Saturday, April 29, 2006

Cuban Ivory-bill hunt

According to this article, an Ivory-bill search has begun in Cuba.

A couple of snippets (the bold font is mine):
"I believe the bird is here," said Arturo Kirkconnell, co-author of the Field Guide to the Birds of Cuba and one of the island's top researchers. "We have a chance now to go to areas never visited before. The habitat is ideal, and there has been no evidence that the woodpecker is not there."
...
Eduardo Inigo-Elias, an ornithologist at Cornell University, which is heading the Arkansas search, said Cuba has less acreage suitable for the woodpecker than does the United States. Still, said Inigo-Elias, "Cuba does have 600 protected areas, and we are happy they are looking for it.
In a related note, here is what Martjan Lammertink wrote in 1995. An excerpt (the bold font is mine):
In 1986 the re-discovery of the Ivory-billed Woodpecker, Campephilus principalis, in eastern Cuba attracted world-wide attention.
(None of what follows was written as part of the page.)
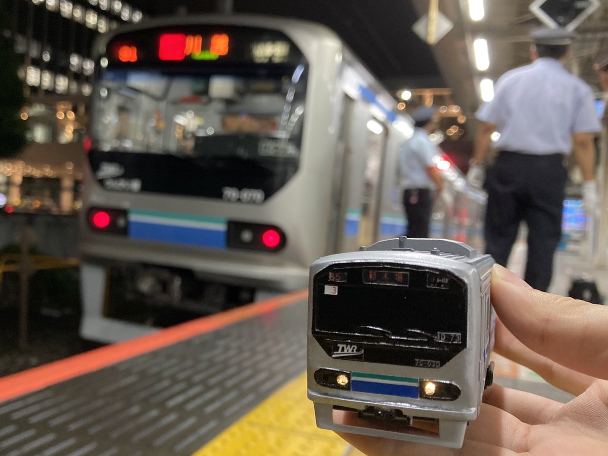 E231系と、その少し後ろに臨海線から譲渡された70-000形が停まっています pic.twitter.com/tSvxeirpnR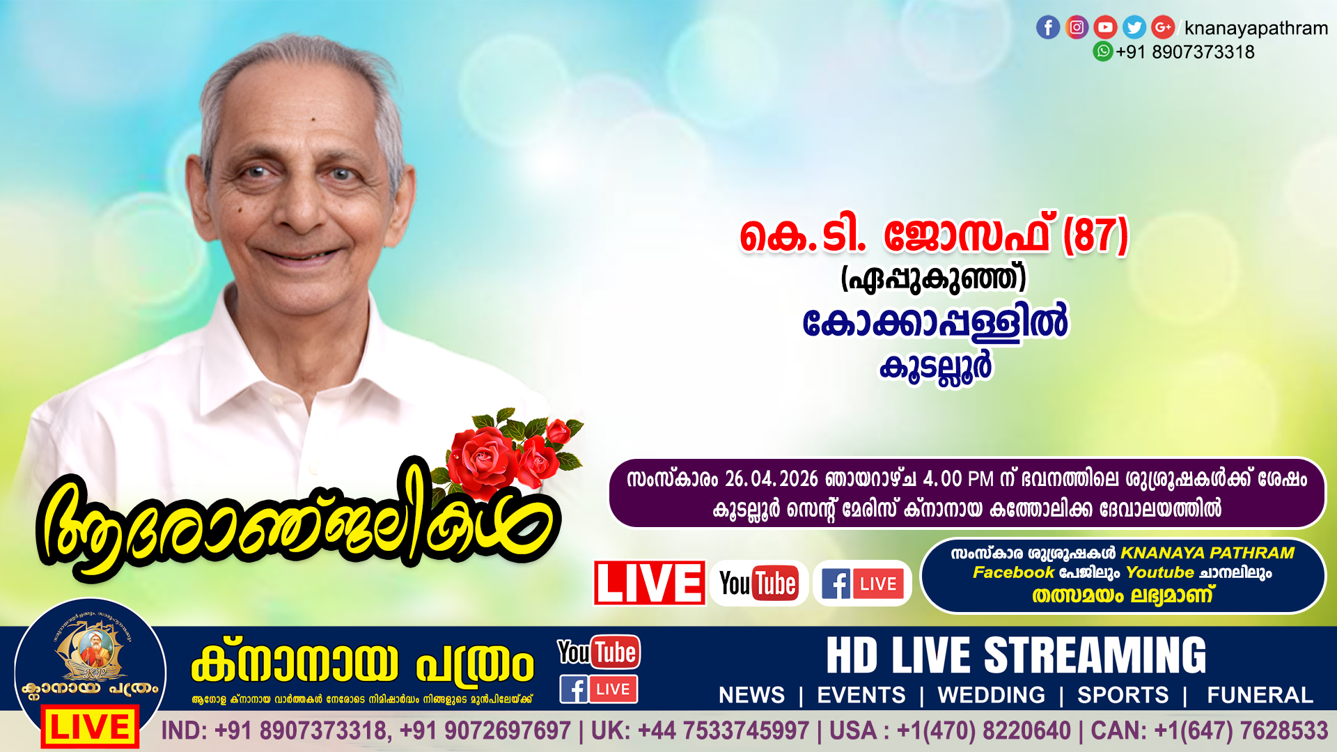 കൂടല്ലൂർ കോക്കാപ്പള്ളിൽ കെ.ടി. ജോസഫ് (ഏപ്പുകുഞ്ഞ് – 87) നിര്യാതനായി. സാംസ്കാരം 26.04.2026 ഞായറാഴ്ച 4 pm ന് ഭവനത്തിൽ ആരംഭിച്ച്, കൂടല്ലൂർ സെന്റ് മേരിസ് ക്നാനായ കത്തോലിക്ക ദേവാലയത്തിൽ.

In March that year Cuban biologists found the species in a hilly pine forest called Ojito de Agua. At the same site two C. principalis were seen by an international team in April 1986. Ojito de Agua immediately became a protected area. The willingness of the Cuban authorities to co-operate and the expectation that more birds could be found in other areas raised the hope that C. principalis could be saved. However, after two extensive expeditions in 1991 and 1993, it has become clear that the birds found in 1986 were in dire circumstances and no other suitable areas for C. principalis could be found. The conclusion must be that the Ivory-billed Woodpecker, C. principalis, had become extinct by 1990.

Friday, April 28, 2006

Hoaxes in ornithology

Interesting ID-Frontiers post here.

Thursday, April 27, 2006

Ray Brown still believes

This article says that self-described "casual birder" (and radio talk show host) Ray Brown still believes.

Here's a snippet:
[Brown's] show features interviews with such guests as Tim Gallagher, one of the birders who may have rediscovered the ivory-billed woodpecker, a bird long thought extinct. ''Talkin' Birds" has also addressed the controversy of that sighting, one in which Brown believes.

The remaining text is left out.